На площади перед храмом воцарилась тишина, лишь старцы на паперти шуршали словами молитвы да славили святого отца Григория, крестом и посохом отразившего врагов христиан.

— Полно, полно вам, старцы, похвала во вред православному христианину, — остановил их священник Григорий и добавил: — Несите бдение с помощью Господа Бога, я же помолюсь с паствою. — Но в ризнице силы покинули его. Опустившись в греческое кресло, Григорий откинул голову на высокую спинку и закрыл глаза. Он сидел неподвижно и, казалось, уснул. Но нет, сон не шел к нему, хотя он и жаждал его. В тысячный раз, может быть, Григорий окунулся в прошлое, ворошил сено сорокалетней давности, да все не удавалось доворошить до конца и предать сей труд забвению.

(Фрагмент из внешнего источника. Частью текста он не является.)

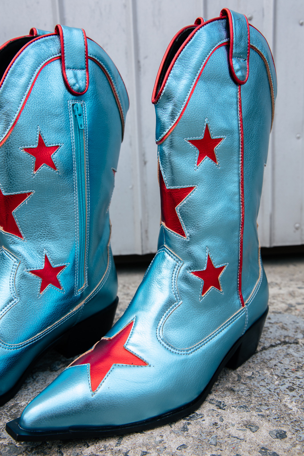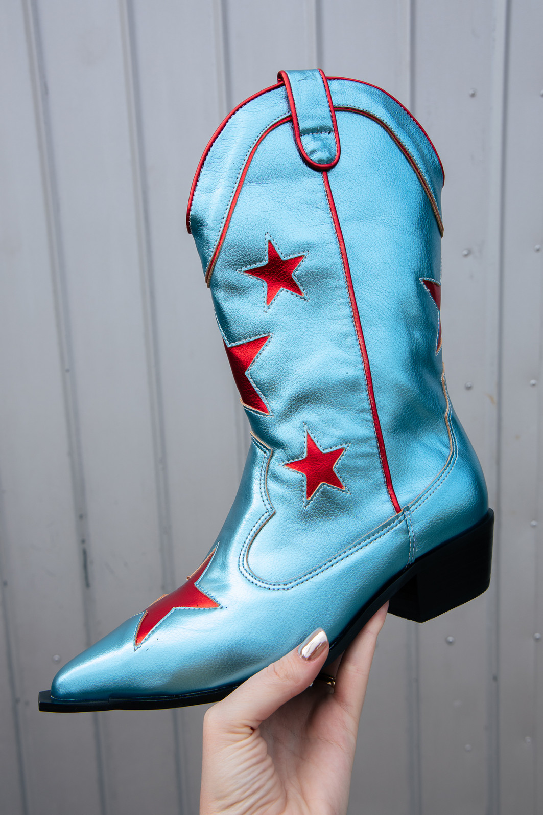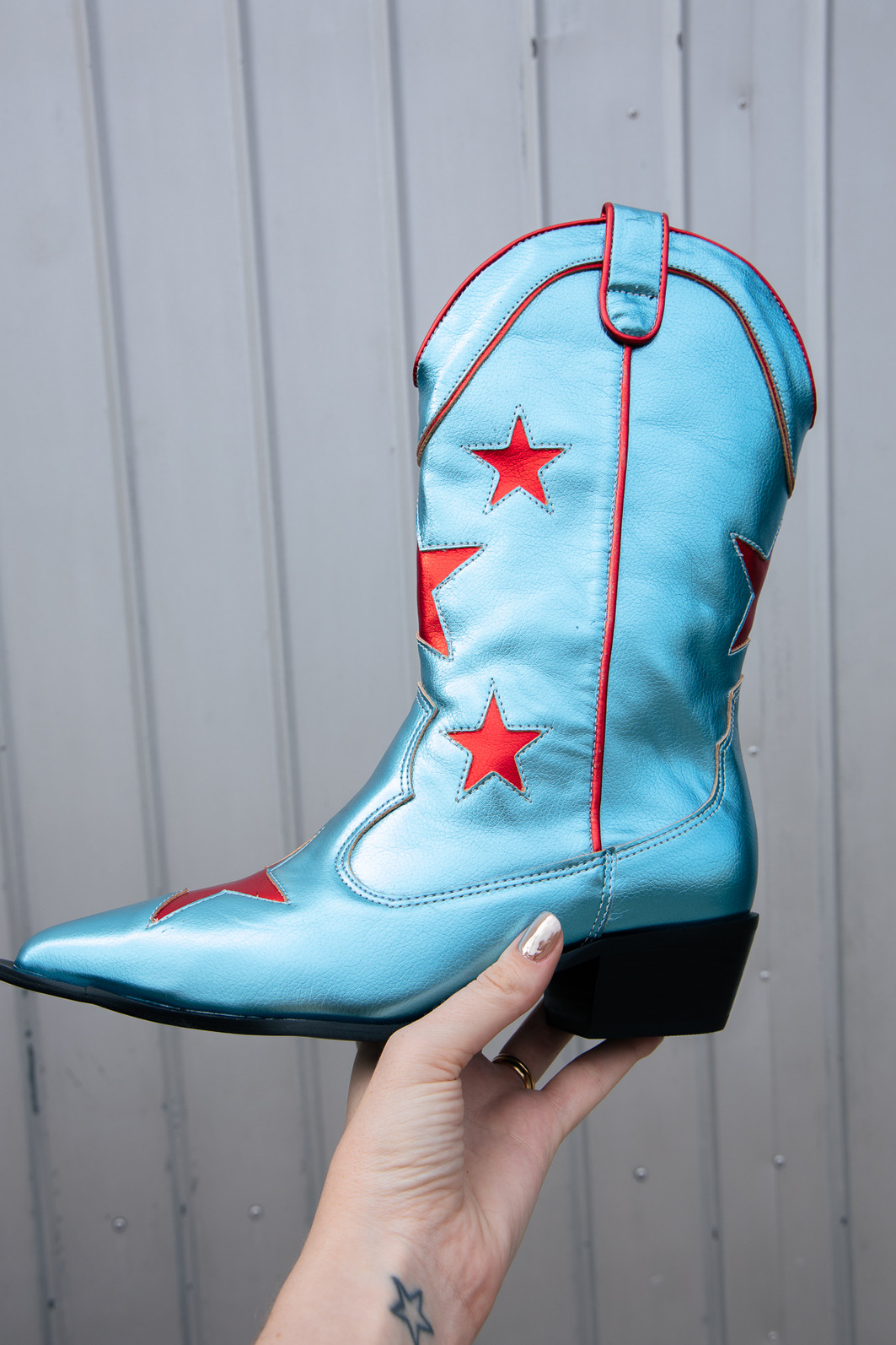 UAUUUU! Bota super leve e confortável, estilo western em material sintético na cor azul. Detalhes de friso e desenhos de estrelas na cor vermelho metalizado.

В ту далекую пору, на заре десятого века, он, семнадцатилетний юноша, заболел любовью к соседке, десятилетней княжне Прекрасе. А точнее сказать, болезнь пристала к нему много раньше. И первое удивление своим горячим чувствам к прекрасной девочке он испытал, когда Прекрасе было пять лет. Жили они рядом в центре Изборска, и окна его дома, где он жил с родителями, смотрели на княжеские палаты, где росла будущая великая княгиня Ольга. В пятилетием ребенке Егор распознал все, чему потом будут дивиться зрелые мужи, хотя бы раз увидевшие княжну, княгиню, славянку Прекрасу. Григорий никогда не пытался описать ее облик. У него не хватало слов выразить, какие у нее были глаза, то ласковые, то лукавые, то сердитые и даже гневные, но всегда прекрасные. Он не знал, с чем сравнить стать отроковицы, а позже — девы. В золотую косу Прекраса могла закутаться, как в беличью полость. И умна, рассудительна она была не по годам, озорна и иг рива. Да книжна. Могла просиживать за берестяными грамотами целыми днями. До восьмилетнего возраста Прекрасы Егор часто встречался с нею, случалось, играли вместе на площади перед палатами. И вдруг отец строго — настрого запретил ему даже подходить к Прекрасе. Вскоре же князь Избор вовсе увез ее из города, спрятал в деревне. И случилось сие вслед за появлением из Киева великого князя Олега. Узнал Егор в те дни, что отроковица Прекраса наречена в невесты сыну князя Рюрика Игорю. И чтобы сберечь ее от сглазу, от какого‑либо девичьего урона, ее отвезли в деревню Выдубцы под присмотр двух сестер князя Игоря и стражей у ворот дома. Сестры Игоря держали невесту в затворничестве и строгости.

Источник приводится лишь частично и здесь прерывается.